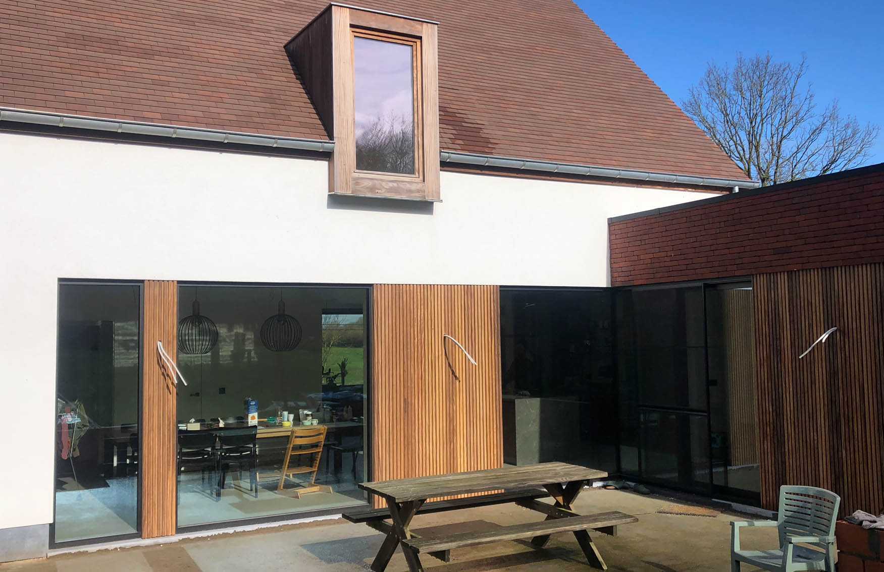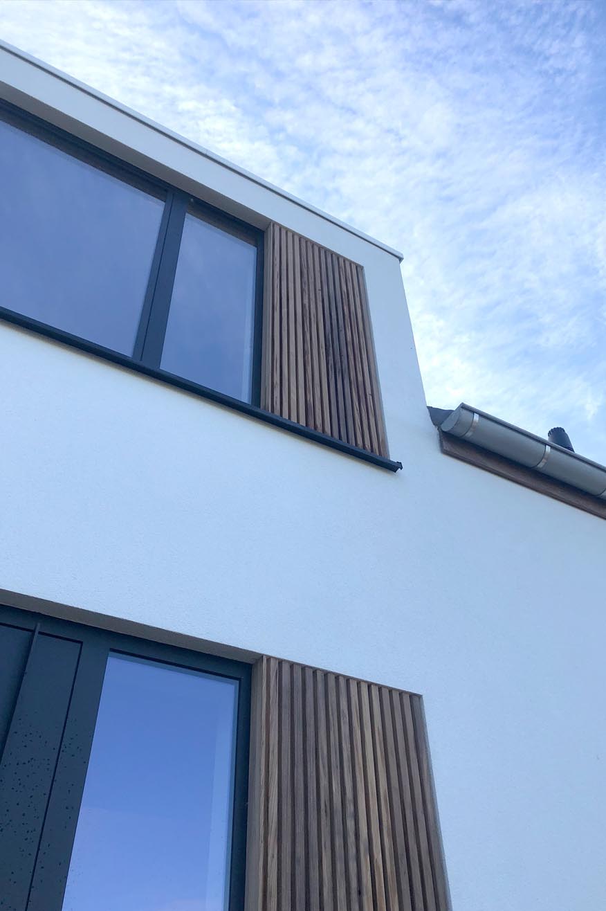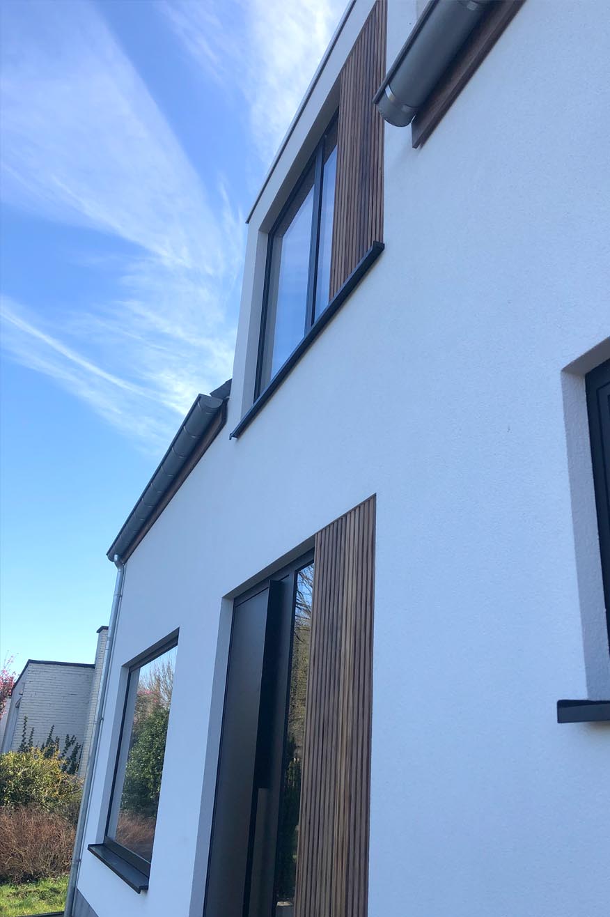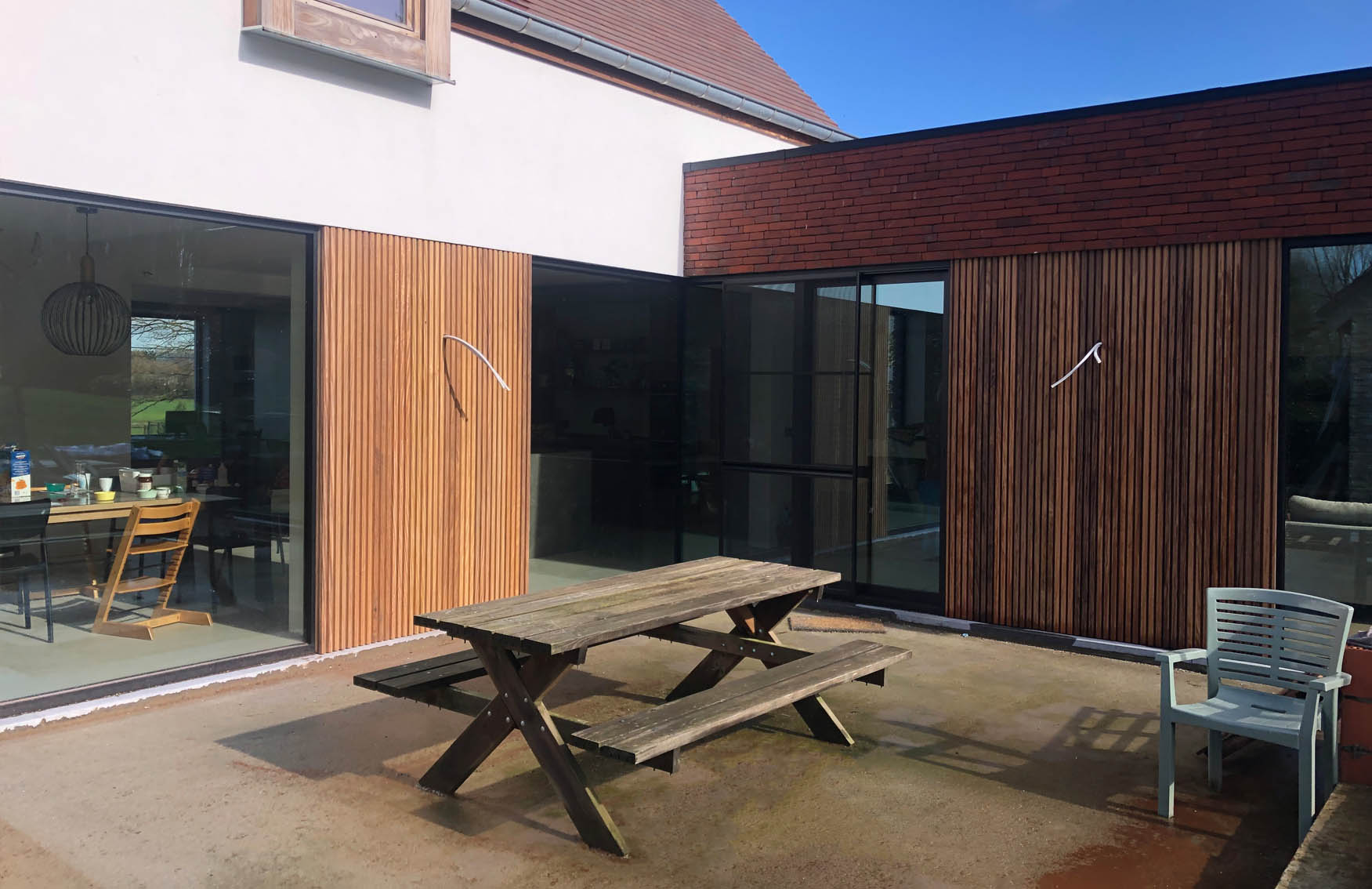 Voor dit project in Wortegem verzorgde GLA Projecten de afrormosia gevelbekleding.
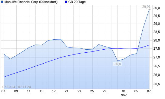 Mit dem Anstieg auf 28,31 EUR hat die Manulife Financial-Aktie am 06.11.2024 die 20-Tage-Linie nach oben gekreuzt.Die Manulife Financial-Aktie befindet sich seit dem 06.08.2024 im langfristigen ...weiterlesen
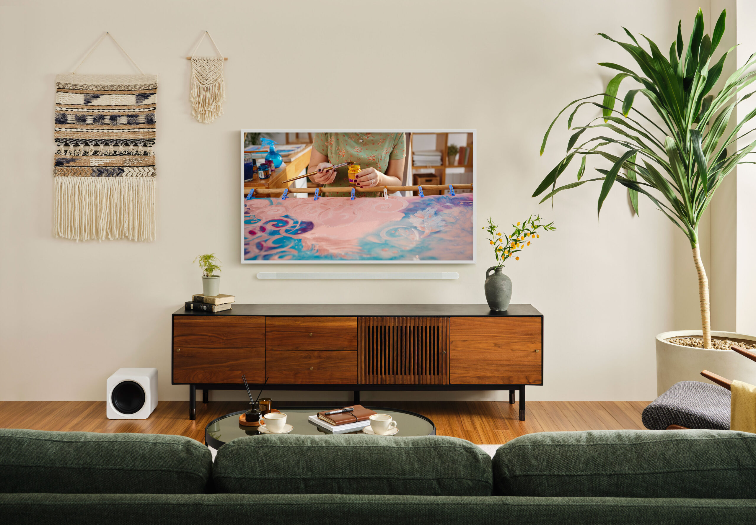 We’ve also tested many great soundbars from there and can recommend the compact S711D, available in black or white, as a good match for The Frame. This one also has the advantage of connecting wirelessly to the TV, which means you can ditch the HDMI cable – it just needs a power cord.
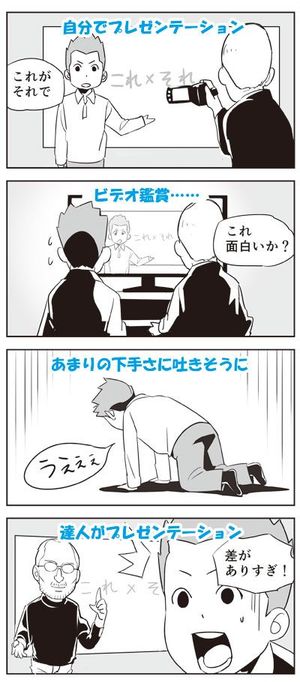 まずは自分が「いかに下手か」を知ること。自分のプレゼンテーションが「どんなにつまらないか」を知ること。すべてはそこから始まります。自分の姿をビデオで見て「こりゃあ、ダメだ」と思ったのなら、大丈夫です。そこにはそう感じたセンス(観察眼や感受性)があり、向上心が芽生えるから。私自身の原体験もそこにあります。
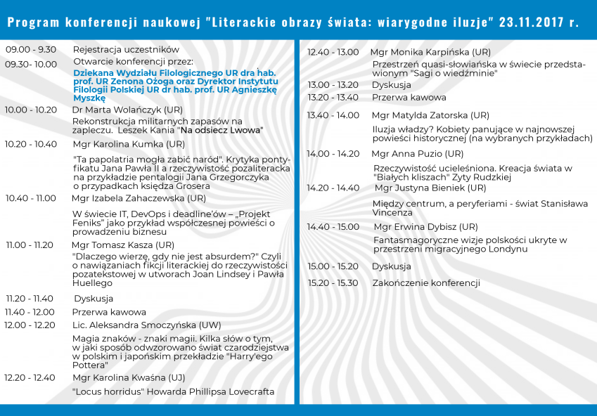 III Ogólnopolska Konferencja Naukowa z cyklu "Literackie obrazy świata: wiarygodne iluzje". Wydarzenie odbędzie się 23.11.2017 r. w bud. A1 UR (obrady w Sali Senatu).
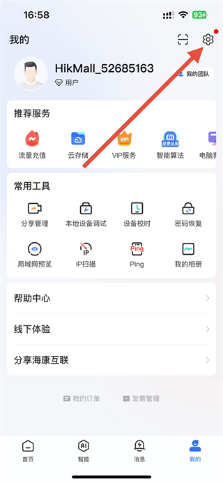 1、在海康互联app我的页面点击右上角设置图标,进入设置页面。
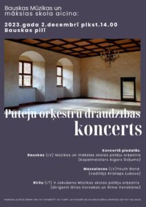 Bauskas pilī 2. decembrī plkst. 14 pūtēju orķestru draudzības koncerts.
----------
Problem to solve
Write out the records above exactly as they stand, leaving out every picture.

Response to this exercise
 Voor dit project in Wortegem verzorgde GLA Projecten de afrormosia gevelbekleding.
 Mit dem Anstieg auf 28,31 EUR hat die Manulife Financial-Aktie am 06.11.2024 die 20-Tage-Linie nach oben gekreuzt.Die Manulife Financial-Aktie befindet sich seit dem 06.08.2024 im langfristigen ...weiterlesen
 We’ve also tested many great soundbars from there and can recommend the compact S711D, available in black or white, as a good match for The Frame. This one also has the advantage of connecting wirelessly to the TV, which means you can ditch the HDMI cable – it just needs a power cord.
 まずは自分が「いかに下手か」を知ること。自分のプレゼンテーションが「どんなにつまらないか」を知ること。すべてはそこから始まります。自分の姿をビデオで見て「こりゃあ、ダメだ」と思ったのなら、大丈夫です。そこにはそう感じたセンス(観察眼や感受性)があり、向上心が芽生えるから。私自身の原体験もそこにあります。
 III Ogólnopolska Konferencja Naukowa z cyklu "Literackie obrazy świata: wiarygodne iluzje". Wydarzenie odbędzie się 23.11.2017 r. w bud. A1 UR (obrady w Sali Senatu).
 1、在海康互联app我的页面点击右上角设置图标,进入设置页面。
 Bauskas pilī 2. decembrī plkst. 14 pūtēju orķestru draudzības koncerts.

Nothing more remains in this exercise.